Borrowing

It came up in the Clutter Busting workshop on Sunday that we are only borrowing what's in our life.

It doesn't matter how much you paid for it, whether you have a certificate of ownership, whether it's in a vault, your home, or in a storage locker, you are only borrowing it. 

What's in your life is yours as long as you are alive. If you were to die tomorrow, others would get your stuff.

Your things will be dispersed at an estate sale, or they'll be dispensed among family members and friends. Your stuff will then be owned and used by others. Until they die, and then it's on to someone else.

You're even borrowing your body. If you die and are a donor, your organs would go to people who could use them. If you are cremated, your ashes belong to someone else, and they sit it in a urn on their bookshelf. Or someone sprinkles the ashes over the land and they become part of the earth and air.

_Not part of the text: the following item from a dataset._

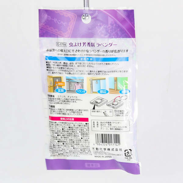 Miếng treo thơm phòng hương lavender có nhiệm vụ xua đuổi côn trùng, đặc biệt là ruồi và bọ. Sản phẩm giúp ngăn chặn chúng khỏi bay vào nhà và mang đến không gian thơm tho dễ chịu.

You're borrowing your spouse. If you die, chances are they'll become part of a relationship with someone else.

What's in your life could be gone in the next moment even if you are still alive. Someone you love could die or leave you, something you own could break, your home could catch fire, a possession could be stolen.

Or you could one day decide that some person, thing, or activity is no longer important to you, and let them or it go.

You have the things in your life that you have today.

That doesn't make anyone or anything less valuable to you. But thinking this way can help you let go of your attachment to things. The people and things in your life are here to be enjoyed for the time they are in your life.